Stanford CIS

Andrew McLaughlin

Andrew McLaughlin is a technology law and policy nerd. He is Executive Director of Civic Commons, a new non-profit that help cities and other governments share and implement low-cost technologies to improve public services, management, accountability, transparency, and citizen engagement. He is also a director of Code for America.

From 2009-2011, Andrew McLaughlin served on President Obama's White House staff as Deputy Chief Technology Officer of the United States, focusing on Internet, technology, and innovation policy, including open government, cybersecurity, online privacy and free speech, federal R&D priorities, spectrum policy, entrepreneurship, and building open technology platforms for health care, energy efficiency, and education.

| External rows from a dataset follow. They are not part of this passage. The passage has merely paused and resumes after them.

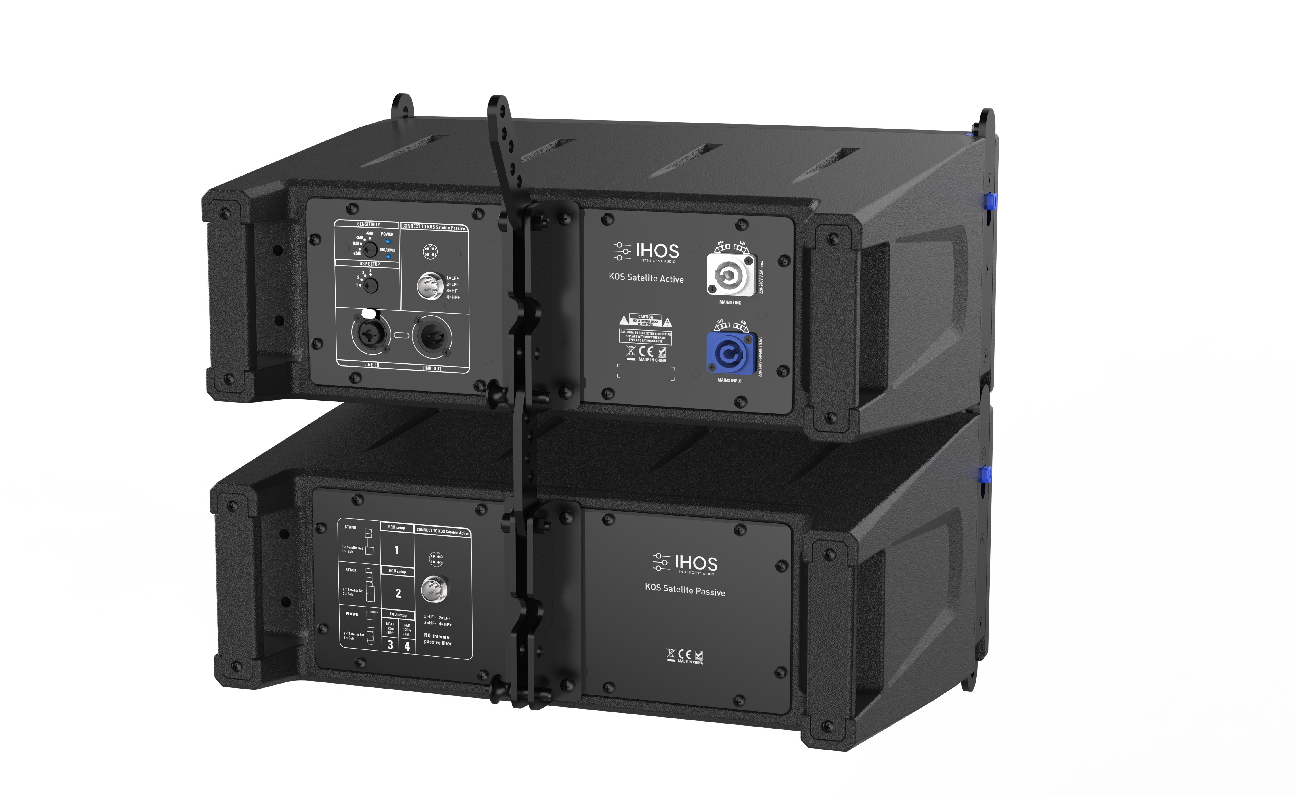 KOS System 2 Line Array system that includes 4 pcs KOS ABS Active Line Array speakers, 2 pcs KOS Sub Plywood professional active bandpass subwoofer 12 inches, On ground mode suitable for 150-200 audience people.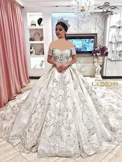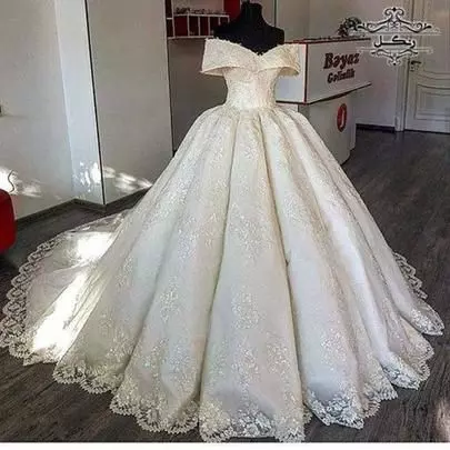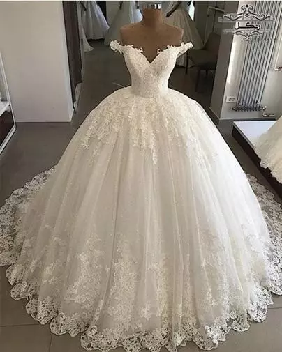 8. لباس عروس یقه دکلته (Off-the-shoulder)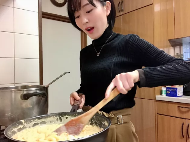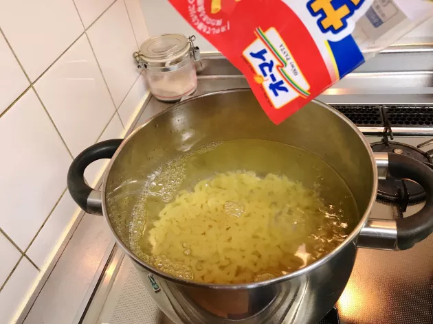 ソースづくりと同時にマカロニを茹でておきます。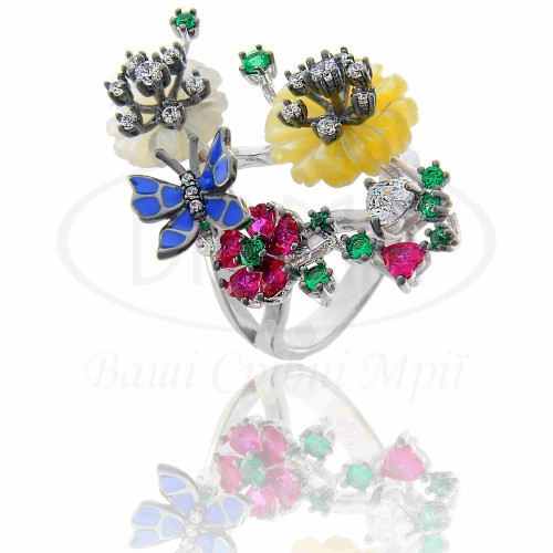 Срібна каблучка з кольоровим цирконом і перламутром. Срібло 925 проби, покрите родієм. В наборі присутні каблучка та сережки.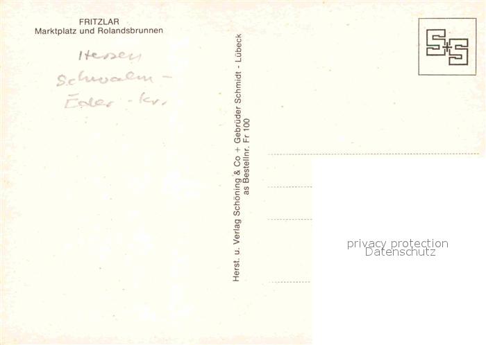 72889809 Fritzlar Marktplatz Rolandsbrunnen Fachwerkhaeuser postalisch nicht gelaufen Erhaltung siehe scans [FriedD77] KatCode: 11110006634005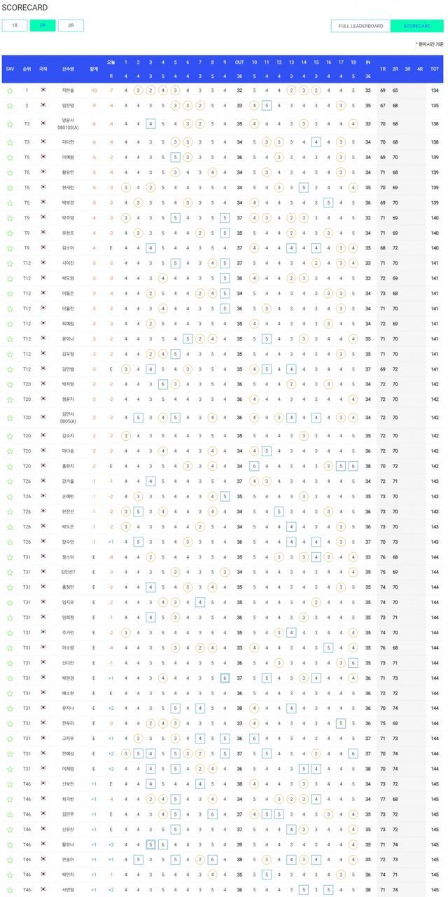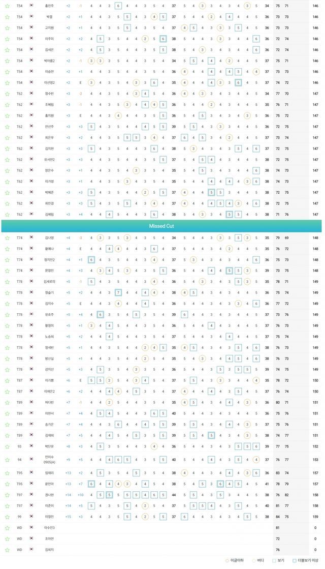 컷탈락 T74.김나영-문정민 +4, T78.노승희-방신실 +5, T87.이채은2 +6, T89.허다빈-송가은-김재희 +7, 99.이정민 +15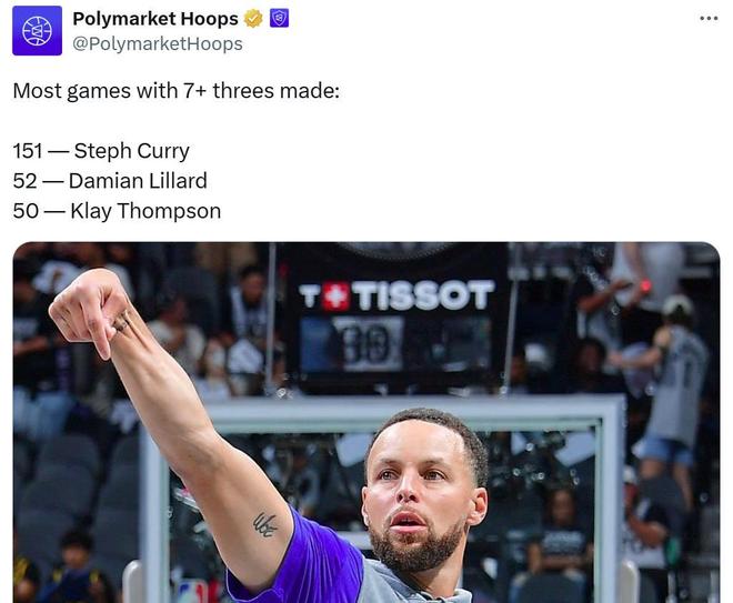 同时本场是库里生涯第151次单场至少命中7记三分,继续断层高居NBA历史第一,第二为利拉德(52),第三为克莱(50)。 过去4场比赛库里场均要拿下34.5分4.3篮板4.8助攻1.8抢断全能数据,三项命中率高达50.6/40.7/88.2%、40.7%和88.2%。 这还是在前一场对阵鱼腩鹈鹕仅拿9分情况下的平均数据,另外三场比赛库里分别交出46分、49分和34分。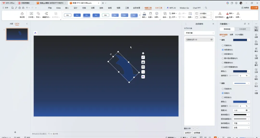 ②选中三角形1和圆环,执行【合并形状-剪除】,选中三角形2和圆环,执行【合并形状-拆分】,删除多余圆环和直线后,选中剩余形状,执行【合并形状-结合】,得到箭头的图形。

Prior to the White House, he served on the Obama/Biden presidential transition team, as a member of the Technology, Innovation and Government Reform cluster. From 2004-2009, Andrew was Director of Global Public Policy at Google.

From 1999-2002, Andrew helped launch and manage ICANN, the Internet's technical coordinating organization, serving as Vice President, Chief Policy Officer, and Chief Financial Officer. From 1998-2005, Andrew was a Senior Fellow at Harvard Law School's Berkman Center for Internet and Society. In 2002-2003, Andrew taught a course on digital democracy at Harvard Law School while working on Internet and telecom law reform projects in a number of developing countries, including Ghana, Mongolia, Kenya, Afghanistan, and South Africa. He was a co-founder of CIPESA, a technology policy think-tank and advocacy center based at Makerere University in Uganda. At Google, Andrew co-led Google's Africa strategy, and served as a member of the Board of Directors of Bridges.org, an international non-profit organization based in Cape Town.

Andrew holds a B.A. from Yale University, and a J.D. from Harvard Law School. After clerking on the US Court of Appeals for the Eighth Circuit, Andrew started his legal career at Jenner & Block in Washington DC, where he focused on appellate and constitutional litigation. He was a member of the legal team that challenged the U.S. government's first Internet censorship law, resulting in the Supreme Court's landmark 1997 Internet free speech ruling in ACLU vs. Reno. From 1997-98, Andrew served as counsel to the House Government Reform and Oversight Committee. In 2000, Time Magazine named Andrew one of its Digital Dozen. In 2001, he was named a Global Leader for Tomorrow by the World Economic Forum. He is a fellow of the Young Leaders Forum of the National Committee on US-China Relations.